Date: 7/19/96 at 11:25:22
From: Suryadie Gemilang
Subject: Integral of Trig. Function, Power

Can you solve this one?
Integral of dx/cos^4 x

Thanks
Sg


Date: 7/19/96 at 17:12:26
From: Doctor Anthony
Subject: Re: Integral of Trig. Function, Power

 I = INT[dx/cos^4(x)] = INT[sec^4(x)*dx]

                      = INT[(1+tan^2(x))*sec^2(x) dx]   

Integrate by parts

  I = (1+tan^2(x))*tan(x) - INT[tan(x)*2tan(x)*sec^2(x)*dx]

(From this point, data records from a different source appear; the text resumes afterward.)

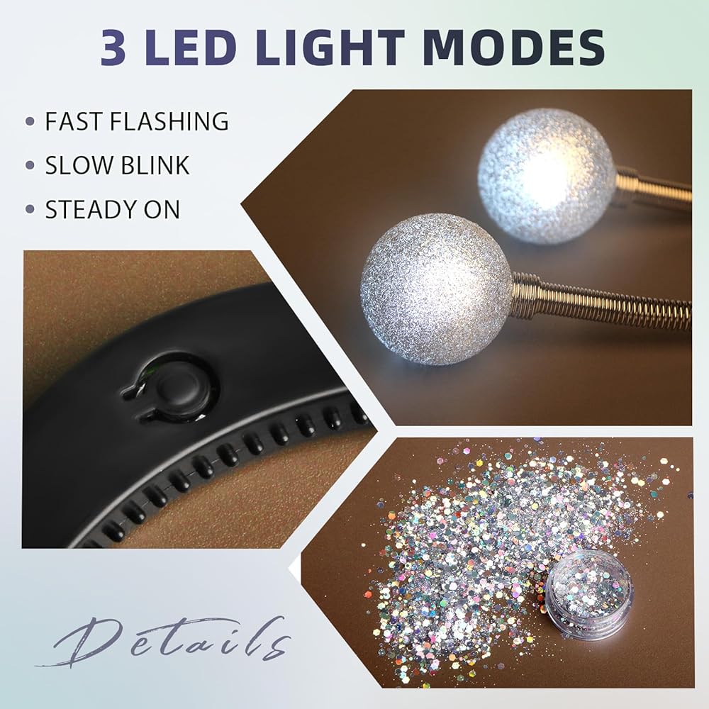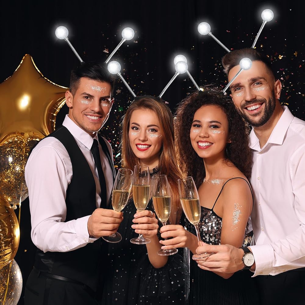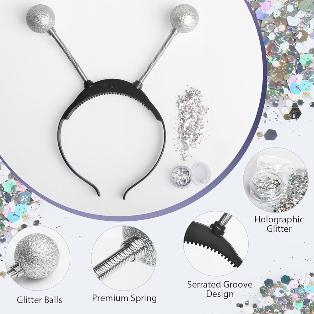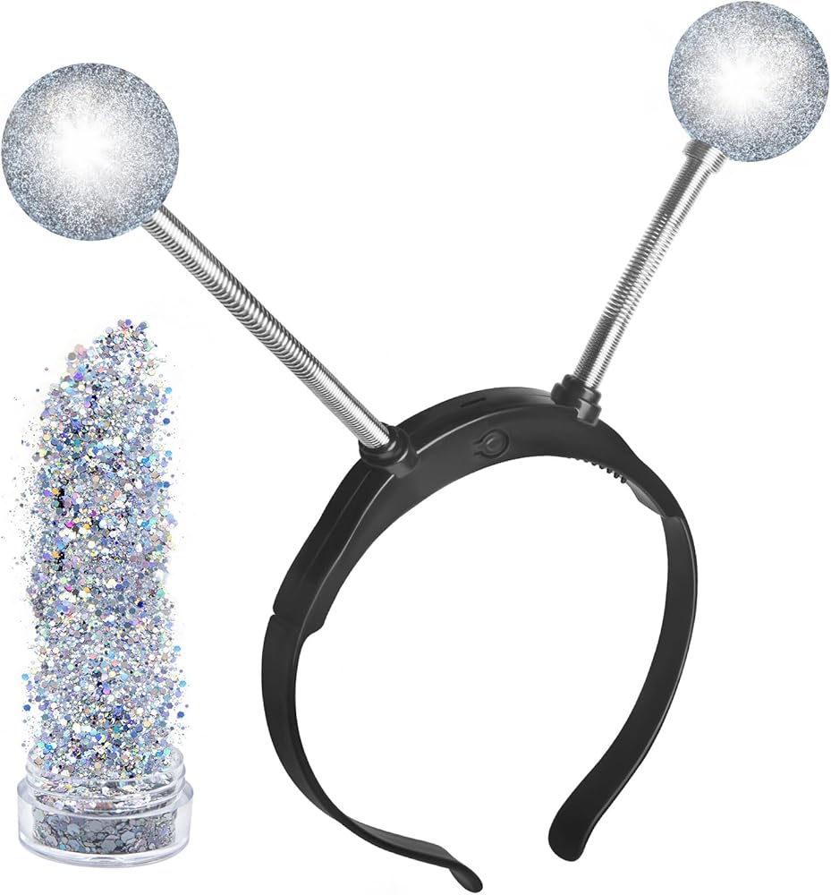 LIGHT UP ALIEN HEADBAND WITH FACE GLITTER - The Halloween alien headband set comes with 1 x Light Up Alien Headband and 1 x Face Glitter. With LED lights on them, the glowing headband with the face glitter has good effect at night, it will complete your space women's jeans with beautiful touch, which will be attractive of the alien role-playing party.
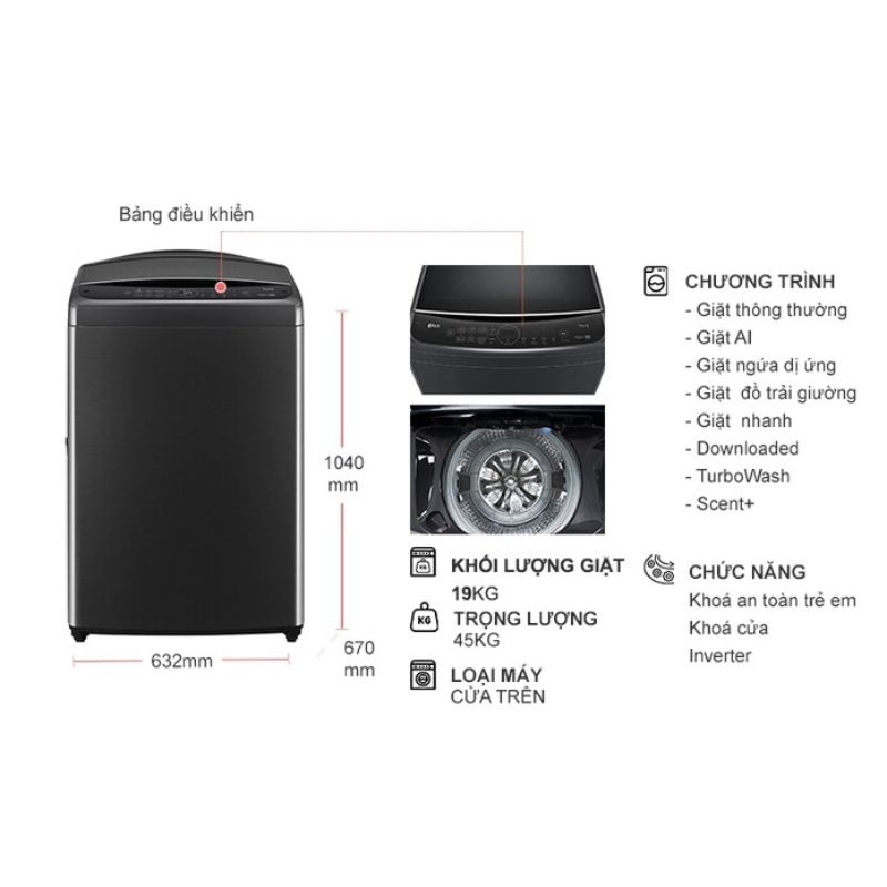 - Khối lượng giặt 19 kg phù hợp với gia đình đông người (trên 7 thành viên).
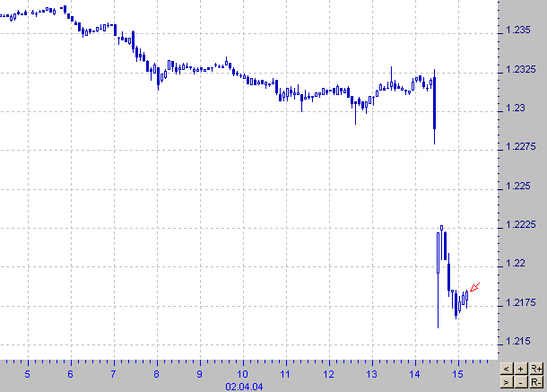 Курс доллара мгновенно вырос более чем на 1 % против ключевых валют после того, как министерство труда США сообщило, что число новых рабочих мест в экономике без учета сельскохозяйственного сектора выросло в марте на 308 000, а рост занятости в феврале пересмотрен до 46 000 с 21 000 человек в феврале. Еще более неожиданным стал пересмотр данных за январь: до 159 000 с 97 000. Аналитики прогнозировали рост числа занятых в марте на 100 000 − 150 000. Прирост числа рабочих мест в марте стал самым существенным за последние четыре года и был отчасти обусловлен возвращением на работу бастовавших работников бакалейных магазинов, а также увеличением числа занятых на строительных работах. Уровень безработицы в марте 2003 года увеличился до 5.7 % с 5.6 % в феврале. Часовая оплата труда выросла на 0.1% , а средняя продолжительность рабочей недели сократилась на 0.1 до 33.7 часа. Сильные данные с рынка труда ждали давно, поскольку темпы роста экономики остаются высокими уже больше года. Безработица традиционно является запаздывающим индикатором, поскольку спрос на рабочую силу начинает расти только тогда, когда доходы компаний уверенно восстанавливаются. Геп между конечным спросом и спросом на рабочую силу был отмечен Гринспеном еще в начале 2003 г. Еще вчера ФРС заявляла, что для нее представляет серьезную проблему слабый рост занятости. Теперь эта проблема не столь остра. Естественным следствием сегодняшних данных является рост ожиданий скорейшего повышения ставки в США, а это непосредственный и долгосрочный позитивный фактор для доллара, поскольку капиталы вновь потекут в Америку. Рост доллара на рынке начался примерно за полминуты до публикации данных. Так заявляют дилеры. Это значит, что кто-то из участников рынка обладал инсайдерской информацией. Курс евро/доллар упал с гэпом с отметки $ 1.2320, где он стоял несколько часов до отчета до нынешних $ 1.2180. На уровне $ 1.2220 активно покупал евро какой-то американский инвестбанк, однако ему не удалось "остановить несущийся на полной скорости поезд". Другим сдерживающим фактором для европейских валют остается спрос на йену против доллара. "Очень сильная и большая неожиданность - эти данные. Они подтвердили ранее появившиеся слухи. Доллар подскочил даже перед данными, так что кто - то, должно быть, знал относительно сильных данных", - говорит Шон Осборн, главный стратег по валютам в Scotia Capital в Торонто. "Это - хорошие новости для экономики США и для доллара США, поскольку они показывают признаки того, что экономика создает рабочие места. Данные усиливают предположение, что Федеральный резерв может увеличить процентные ставки, возможно уже летом", - прокомментировал ситуацию на рынке экономист ECU Group Нейл Макиннон. "Это (сегодняшние данные − прим. PFS) вновь может поднять вопрос о том, как долго Федеральная резервная система намерена сохранять ставку на минимальном уровне с 1958 года", - считает ведущий экономист BMO Nebsitt Burns Рассел Шелдон. Сейчас ставка ФРС находится на 45-летнем минимуме в 1.0 % годовых.
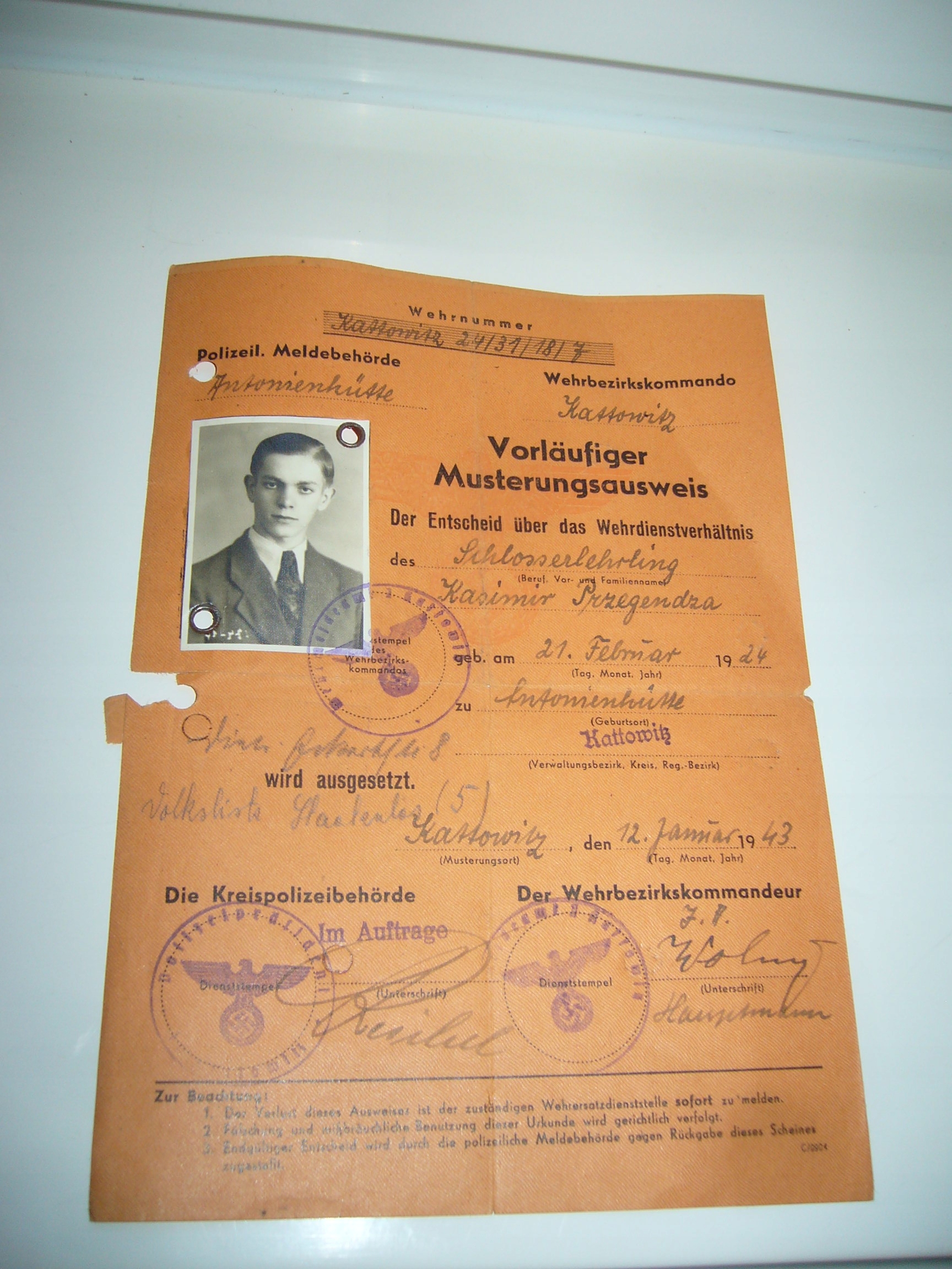 НЕМЕЦКИЙ ДОКУМЕНТ ПРЕДВАРИТЕЛЬНОГО РАЗРЕШЕНИЯ КАТТОВИЦ КАТОВИЦЕ 1943 СИЛЕЗИЯ
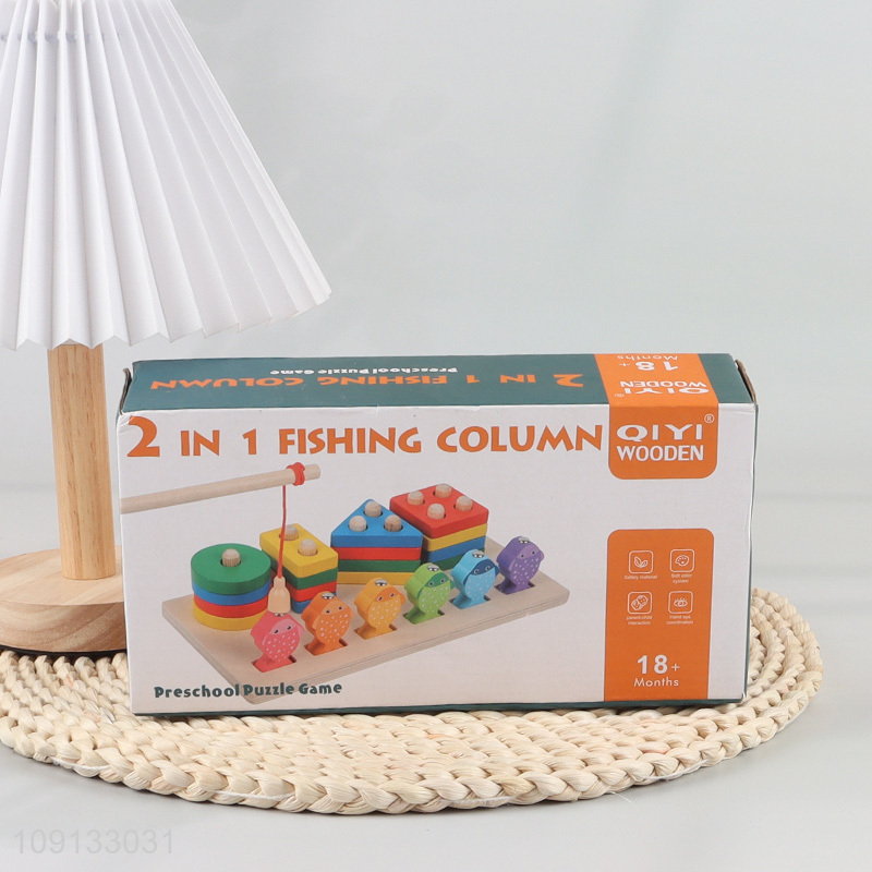 Hot Selling 2-In-1 Wooden Sorting and Stacking Toy Fishing Toy for Kids

    =  (1+tan^2(x))*tan(x) - 2*INT[tan^2(x)*sec^2(x)*dx]

    =  (1+tan^2(x))*tan(x) - 2*Int[(sec^2(x)-1)*sec^2(x)*dx]

    = tan(x)+tan^3(x) - 2*INT[{sec^4(x) - sec^2(x)}*dx]

  I = tan(x)+tan^3(x) - 2*I + 2*INT[sec^2(x)*dx]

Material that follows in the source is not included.